# Try it
Copy out exactly the lines spanning the line with "例年よりも早く水あそびを始めましたが、" to the line with "양지 다이어리가 내용이나", inclusive, from the data underneath, with no pictures.

(Stored items)
#####
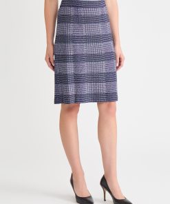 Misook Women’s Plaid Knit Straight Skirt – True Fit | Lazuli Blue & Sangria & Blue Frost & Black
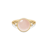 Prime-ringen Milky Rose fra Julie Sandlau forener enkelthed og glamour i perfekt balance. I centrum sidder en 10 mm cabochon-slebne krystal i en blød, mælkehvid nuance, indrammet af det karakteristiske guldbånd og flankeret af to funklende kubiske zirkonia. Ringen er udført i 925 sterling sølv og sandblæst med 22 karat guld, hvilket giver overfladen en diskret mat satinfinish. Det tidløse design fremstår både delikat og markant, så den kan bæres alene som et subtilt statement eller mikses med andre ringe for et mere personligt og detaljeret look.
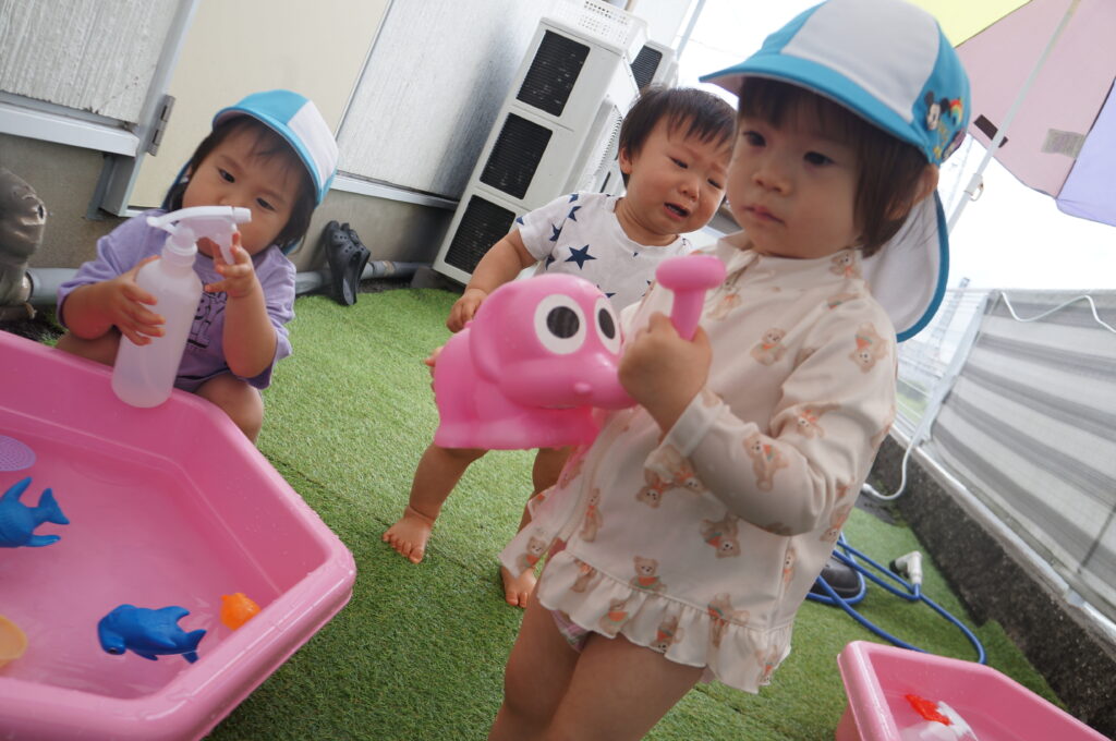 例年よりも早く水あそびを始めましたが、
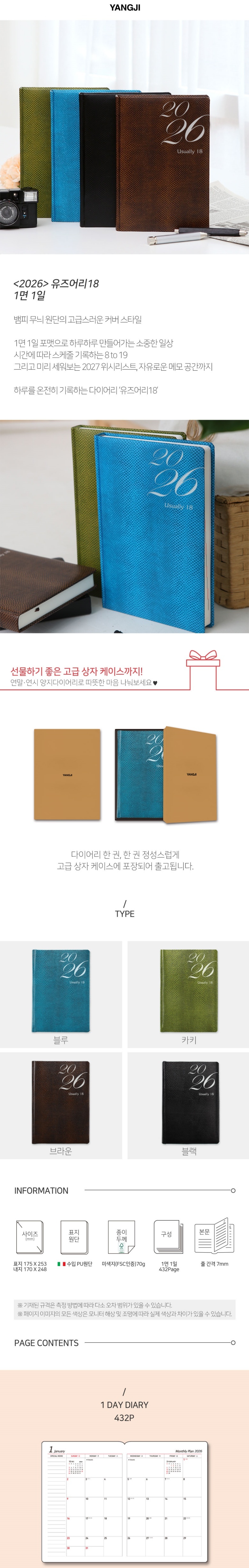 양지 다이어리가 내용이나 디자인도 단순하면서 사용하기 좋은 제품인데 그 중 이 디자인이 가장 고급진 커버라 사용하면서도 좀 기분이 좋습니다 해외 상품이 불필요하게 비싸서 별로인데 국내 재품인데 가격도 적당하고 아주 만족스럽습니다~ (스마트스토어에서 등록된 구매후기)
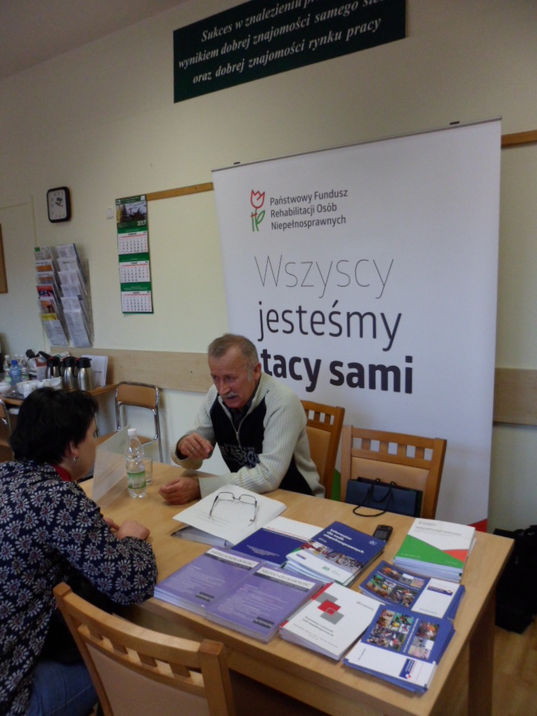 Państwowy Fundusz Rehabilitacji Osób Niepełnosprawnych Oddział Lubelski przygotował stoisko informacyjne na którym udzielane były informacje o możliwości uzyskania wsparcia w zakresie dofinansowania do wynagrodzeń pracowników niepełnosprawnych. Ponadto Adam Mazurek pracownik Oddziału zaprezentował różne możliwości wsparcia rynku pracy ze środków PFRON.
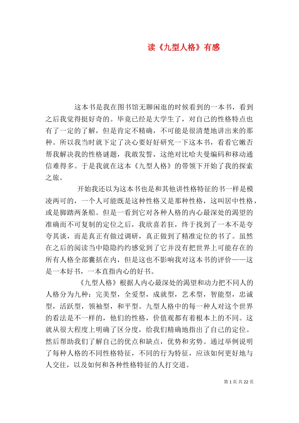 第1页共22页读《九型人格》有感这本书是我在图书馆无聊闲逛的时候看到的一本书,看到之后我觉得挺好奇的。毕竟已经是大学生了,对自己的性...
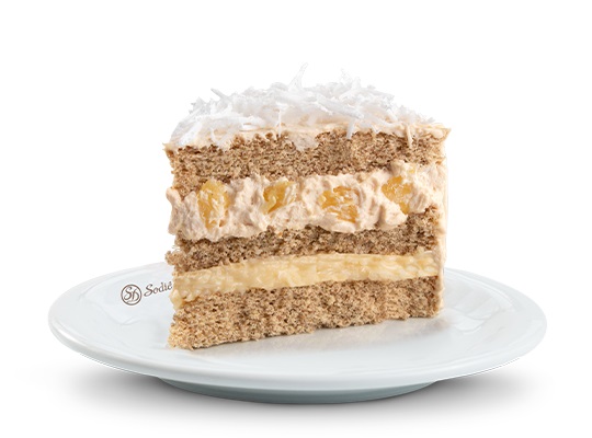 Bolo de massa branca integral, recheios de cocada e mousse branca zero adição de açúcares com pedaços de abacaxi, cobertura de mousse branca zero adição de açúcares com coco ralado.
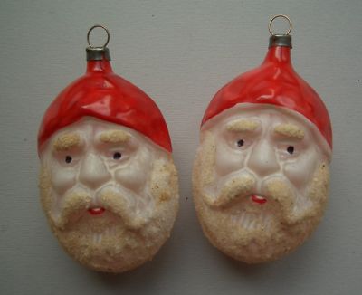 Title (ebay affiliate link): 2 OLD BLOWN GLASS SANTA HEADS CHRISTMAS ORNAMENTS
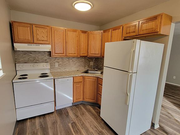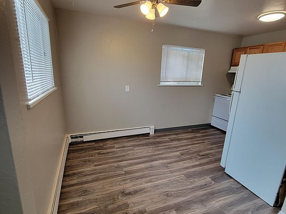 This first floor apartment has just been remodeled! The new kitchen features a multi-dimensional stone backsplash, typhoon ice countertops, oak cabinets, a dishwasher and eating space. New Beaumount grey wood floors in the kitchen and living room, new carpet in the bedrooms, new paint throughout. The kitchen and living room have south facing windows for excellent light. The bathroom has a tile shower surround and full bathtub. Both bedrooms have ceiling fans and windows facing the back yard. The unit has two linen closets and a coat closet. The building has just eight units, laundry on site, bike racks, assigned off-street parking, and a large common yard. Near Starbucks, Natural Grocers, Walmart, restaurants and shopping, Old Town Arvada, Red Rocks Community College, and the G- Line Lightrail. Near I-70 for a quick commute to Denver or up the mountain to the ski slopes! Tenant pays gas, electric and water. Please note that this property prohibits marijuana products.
#####
# Solution for this exercise
 例年よりも早く水あそびを始めましたが、
 양지 다이어리가 내용이나 디자인도 단순하면서 사용하기 좋은 제품인데 그 중 이 디자인이 가장 고급진 커버라 사용하면서도 좀 기분이 좋습니다 해외 상품이 불필요하게 비싸서 별로인데 국내 재품인데 가격도 적당하고 아주 만족스럽습니다~ (스마트스토어에서 등록된 구매후기)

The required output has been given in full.